▶ **Materials provided**:

Segment Open

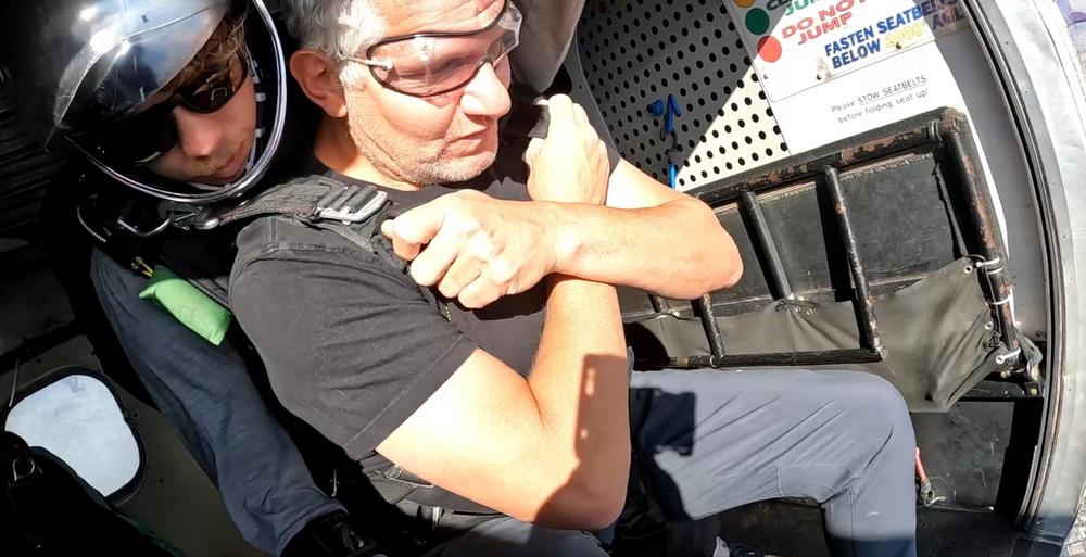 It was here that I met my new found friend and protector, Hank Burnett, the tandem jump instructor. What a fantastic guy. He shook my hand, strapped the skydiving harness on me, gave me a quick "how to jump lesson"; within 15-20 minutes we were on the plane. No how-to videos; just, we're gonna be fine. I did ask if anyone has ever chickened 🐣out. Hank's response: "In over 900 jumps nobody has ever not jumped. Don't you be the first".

Segment Closed
Segment Open

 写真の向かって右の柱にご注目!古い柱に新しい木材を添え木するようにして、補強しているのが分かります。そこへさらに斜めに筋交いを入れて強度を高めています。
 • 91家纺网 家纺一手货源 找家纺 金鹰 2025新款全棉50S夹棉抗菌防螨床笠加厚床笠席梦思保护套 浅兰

Segment Closed

▶ **What you need to do**: Your reply is to repeat, unchanged, the lines above running from the one with "写真の向かって右の柱にご注目" up to and including the one with "金鹰 2025新款全棉50S夹棉抗菌防螨床笠加厚床笠席梦思保护套 浅兰".

▶ **Written reply**:
 写真の向かって右の柱にご注目!古い柱に新しい木材を添え木するようにして、補強しているのが分かります。そこへさらに斜めに筋交いを入れて強度を高めています。
 • 91家纺网 家纺一手货源 找家纺 金鹰 2025新款全棉50S夹棉抗菌防螨床笠加厚床笠席梦思保护套 浅兰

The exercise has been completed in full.